There are many ways to “diet,” which means a long-term pattern of consuming specific foods and beverages while eliminating others. Examples of ways to diet could include, eating “heart healthy,” low-carb, gluten-free, vegan, and intermittent fasting, among others. How about following a diet that supports your vision clarity and eye health? Such a “20/20’ diet would contain foods that are rich in lutein and zeaxanthin, closely related carotenoids proven to support the healthy working of your eyes.

Take heart -- many foods you are likely eating to sustain vibrant health also nourish your eyes and support your vision: kale, spinach, corn, bell peppers, yellow zucchini and others in the squash family. Additionally, pistachios, asparagus, peas, eggs, and popcorn are on that lutein list.

Lutein and zeaxanthin are critical nutrients for eye health, especially as we age. Two actions – a chronic unhealthy inflammatory response and oxidation, both caused by stress and other factors -- are responsible for increasing the risk of age-related eye and vision problems. Dietary antioxidants, of which lutein and zeaxanthin are prime examples, have more and more evidence showing their powers to reduce the risk of experiencing vision problems. Lutein and zeaxanthin are known as macular pigments because they are the only dietary carotenoids that gather together in the macula.

The amount of lutein and zeaxanthin present in your macula can be seen by a test called macular pigment optical density (MPOD). Many studies have looked at the levels of lutein and zeaxanthin in hundreds of pairs of eyes. For example, one meta-analysis (study of studies) focused on the MPOD in people with healthy eyes who consumed lutein and zeaxanthin. Nine of the studies reviewed showed that the more lutein and zeaxanthin that people consumed (either in food or as supplements), the higher their MPOD. The researchers concluded that if you obtain more than 10 mg of lutein and zeaxanthin every day, you will increase your MPOD, which means that sharp, clear vision may be more protected.

According to many researchers, the recommended daily intake of lutein and zeaxanthin is 10 mg and 2 mg, respectively.

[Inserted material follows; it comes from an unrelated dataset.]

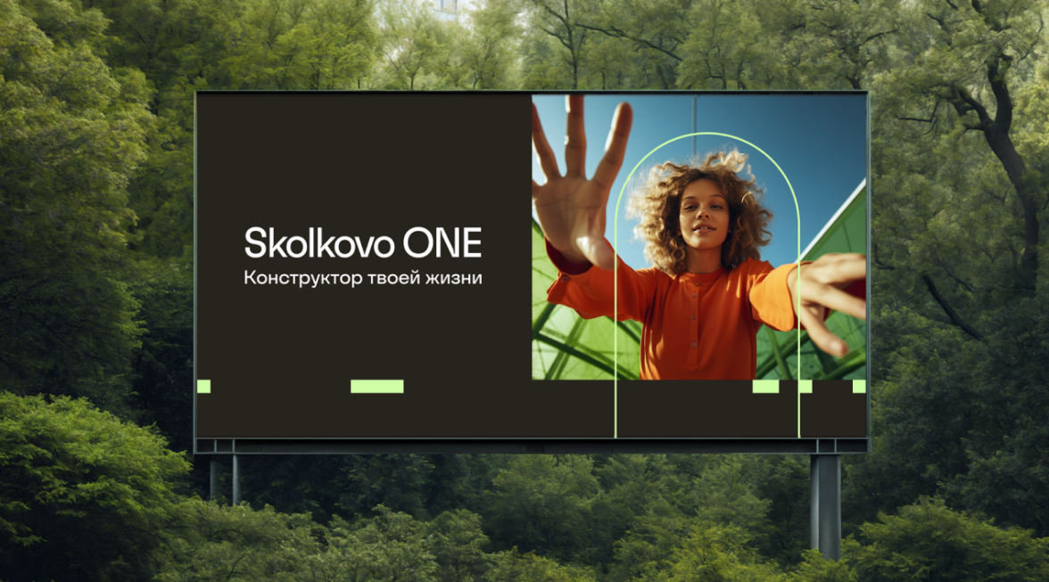 Брендинг построили на взаимодействии двух основных элементов: арки и пикселя. Арка отражает узнаваемые элементы архитектуры «Skolkovo One» и отсылает к классическим визуальным решениям. Пиксель показывает диджитальность среды обитания современного человека и символизирует связь проекта с Инновационным центром «Сколково» и IT-технологиями.

They estimate that on average, adults only consume approximately 2 mg of lutein daily.

Scientists are continuing to uncover other positive roles for lutein and zeaxanthin. They believe that when you obtain these carotenoids through diet, they can also support other areas of health, such as cognitive function. For example, in one study of 6,390 adults, those who consumed the most lutein and zeaxanthin performed better on immediate word recall tests than adults who consumed lower amounts. (Not all studies reported the same outcomes).

Boosting Your Dietary L&Z

The human body can’t make its own lutein and zeaxanthin, so these carotenoids must be consumed in the diet (or supplementation). As eggs (with yolks, please) are a great source of lutein and zeaxanthin, researchers wanted to see how eggs enriched with more lutein as well as DHA affected the eyes in 30 adults who ate two eggs daily for six weeks. The study authors found that the egg-daily diet improved retina function.

Lutein is a versatile nutrient, and when lutein was added to dry pasta in manufacturing, it retained its potency after boiling. This means you may soon be able to buy vision-healthy fettucine!

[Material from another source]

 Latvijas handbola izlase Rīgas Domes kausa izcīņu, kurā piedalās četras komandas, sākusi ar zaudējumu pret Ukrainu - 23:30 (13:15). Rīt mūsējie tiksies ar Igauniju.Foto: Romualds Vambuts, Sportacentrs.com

In the meantime, until more foods feature the addition of lutein, there are numerous easy recipes you can make for yourself and your family that are high in lutein, overall healthy and yes, even scrumptious.

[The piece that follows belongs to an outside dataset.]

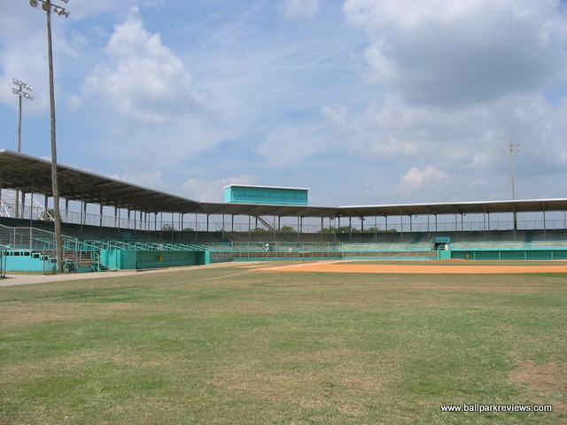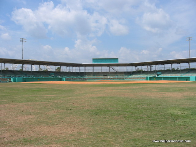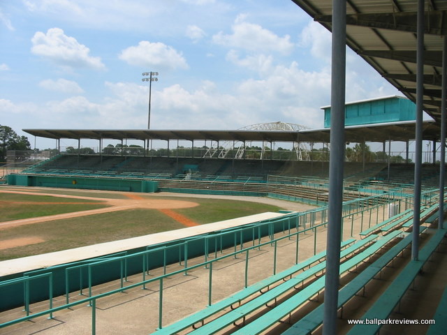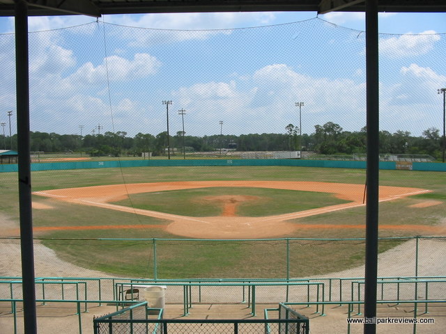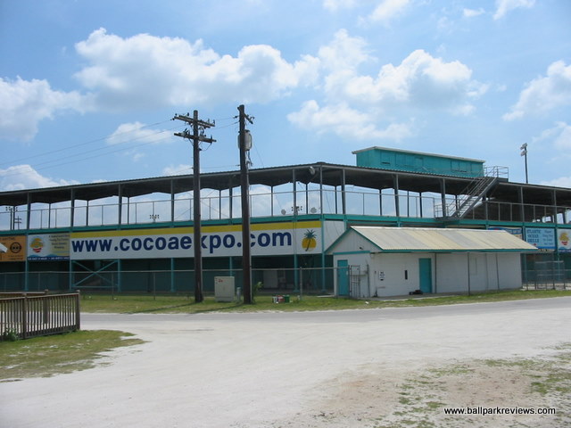 | Cocoa Expo Stadium was last used by professional baseball when the Marlins used this as their spring training home for their inaugural season of 1993. Before that, the Astros had also used this ballpark as their spring home before moving to Kissimmee. It last hosted minor league baseball in 1977 when the Cocoa Astros of the Florida State League played here. Cocoa Expo Stadium is now independently owned and operated and is used by amateur teams and camps. Professional baseball was given another shot here in the winter of '09 when the Space Coast Surge of the Florida Winter League arrived, but the league was short-lived, not even making it through one full season. After years of lackluster upkeep, the ballpark received $40 million of renovations in 2012, now making it a desirable training complex for amateur teams. The teal colored seating has all been replaced by red chair back seats. So it appears this ballpark will live on for many more years.

From Food.Com, here’s a versatile whole-wheat zucchini bread that can serve as a side, a snack or a dessert.

  • Mix 1.5 cups sugar, 1 cup vegetable oil (could be EVOO and canola), 3 beaten eggs fortified with DHA, 2 grated zucchini (yellow) and 3 teaspoons vanilla in one bowl.
  • Sift 3 cups whole wheat flour, 1 teaspoon salt, ¼ teaspoon baking powder and 3 teaspoons cinnamon in another bowl. Blend thoroughly.
  • Next, blend together the wet and dry ingredients, add ½ cup of sliced pistachios.

Bake at 350F for 45 to 50 minutes.

Love smoothies? Try a kale-spinach fruit blend:

  • 2 cups fresh spinach
  • 1 to 2 kale leaves
  • 1 cup almond milk (or oat)
  • 1 tablespoon nut butter
  • 1 Banana

OPTIONAL: Add a scoop of your favorite protein powder

Corn is a perennial summertime food, but it can be zested up, “street” style.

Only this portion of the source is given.